Büyükannenizin gençlik fotoğraflarına bakarsınız. Mahzun bir genç kadın görünür her karede. Ağır aksak akıp giderken dondurulmuş zaman ve insanın içine işleyen buğulu gözler...
Ama sorduğunuzda, "o gün komşumla çarşıya alışverişe çıkmıştık, çok neşeliydik" der.
Bir masal gibi tatlı tatlı anlatır o günü.
Nasıl? İşte bunu anlayamazsınız.
Çünkü fotoğrafta bugün sizin tanıdığınız türde bir sevinç kıpırtısından eser yoktur.
Belki genç kadının dudaklarının kıyısına yerleşmiş o mahcup gülümseme. O kadar. Gerisi sanki üzüntüdür.
***
Çekmecelerinizi toparlarken...
Bir yığın ıvır zıvırın arkasına sıkışmış bir fotoğraf dikkatinizi çeker.

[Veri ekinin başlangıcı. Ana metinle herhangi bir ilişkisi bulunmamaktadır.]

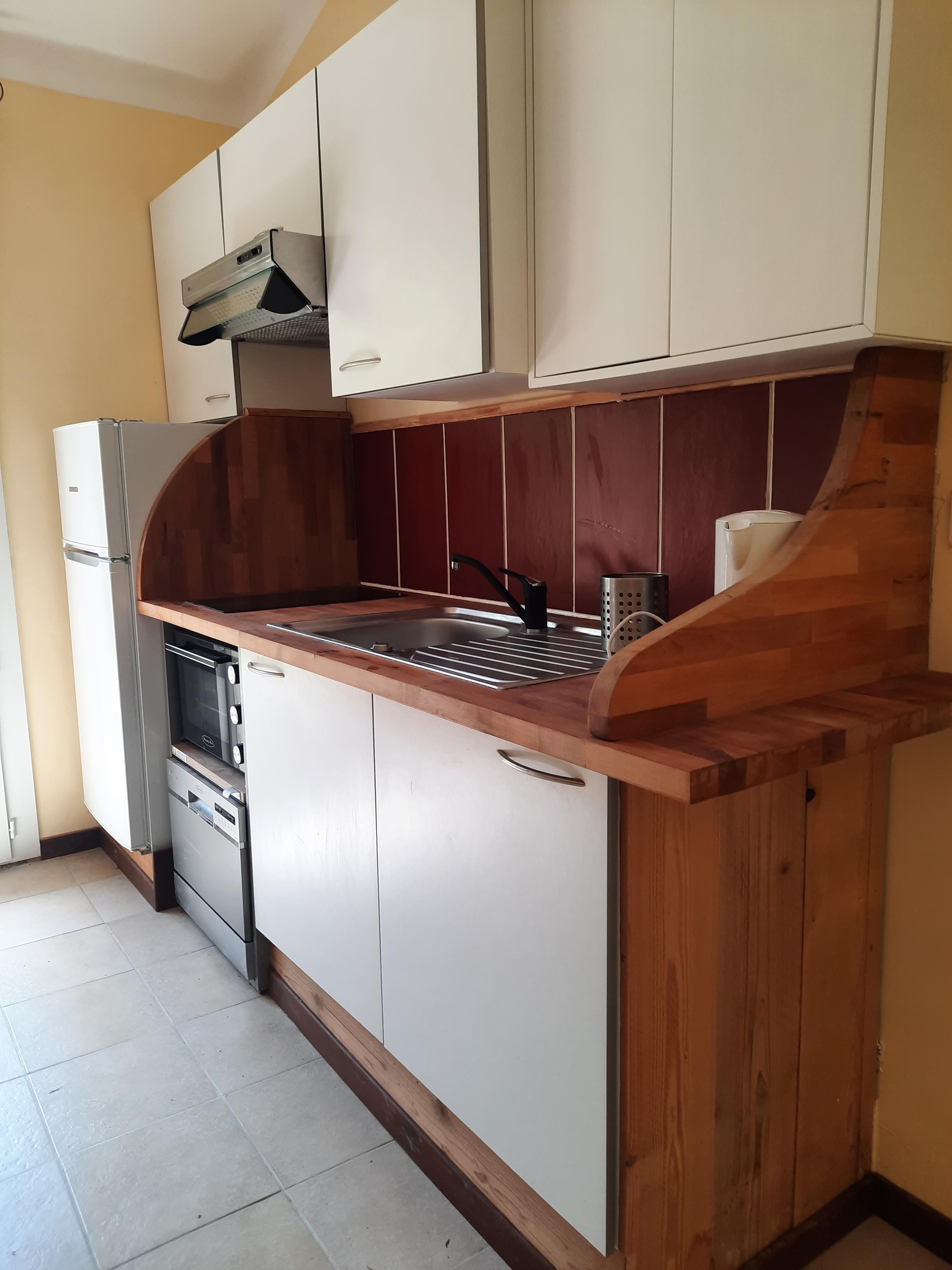 La cuisine dispose de tout le nécessaire pour un séjour en autonomie : lave-vaisselle, lave-linge, four micro-ondes, plaques vitro-céramiques, réfrigérateur et ustensiles de base.

Eski sevgilinizin fotoğrafı.
Boğazınız düğümlenir. Yok! Özlem falan değil! İlgisi yoktur. Onunla birlikteyken hiç fark etmediğinizi düşündüğünüz bir şeyi şimdi görmekten kaynaklanır bu duygu.
Ne kadar kederlidir fotoğraftaki kız! Bakışları yardım istiyormuş gibi objektife yönelmiştir.
Nasıl olabilir ki! Üzerinden yaklaşık on yıl geçmiş olmasına karşın hatırlarsınız; fotoğraf en mutlu olduğunuz dönemde,
o az önce gülüp kıkırdarken çekilmiştir.
***
Bu anlattıklarıma benzer şeyler üç aşağı beş yukarı sizin de başınıza gelmiştir, eminim.
O halde sormak gerek...
Zamanın fotoğraflara yaptığı nedir?
Yoksa eski fotoğraflar hepimizi iç hesaplaşmaya çağıran
gizli bir mesaj mı taşıyorlar?
Nedendir bu? Hani
Roland Barthes'ın anlattığı gibi poz verirken tam olarak bize ait olmayan bir ifade takınmamızdan; fotoğrafta görünenin biz değil de, bizim "
hayalet"imiz olmasından mı?
Güzel de, bugünlerde pek moda olan "
çok eğleniyorum" pozlarının bile başına aynı şey geliyor.
İki ay sonra aynı kareye baktığınızda, o "
yırtık gülümseme"nin ardından yavaş yavaş
hüzün beliriyor.
***
Zaman hep kendi kışına doğru yol alıyor.
Ve tıpkı bizim gibi yaşadığımız her "
an" da içinde kendi ölümünü saklıyor.
Fotoğrafların saklayamadığı gerçek bu işte!
Edip Cansever'in dizeleri durumu açık biçimde anlatıyor...
"
Zamanlar geçtikçe neden
Mutluluk mahzunluk oluyor fotoğraflarda
Acaba
Keder mi, acı mı, hüzün mü dünyanın rengi
Mahzunluk mu yoksa yaşam
Ve doğruyu söyleyen yalnız
O mu, Rilke mi"
Anlamışsınızdır, başka türlü bir yazı bu!
Gündemden, güncelden falan söz açmayın bana. Umurumda değiller bugün!
En iyisi yazıyı kapatmadan önce Cansever'in sözünü ettiği büyük şair
R.M. Rilke'nin ne dediğini not düşeyim...
"Bir meyvenin içinde çekirdeğini taşıdığı gibi taşırız ölümü içimizde."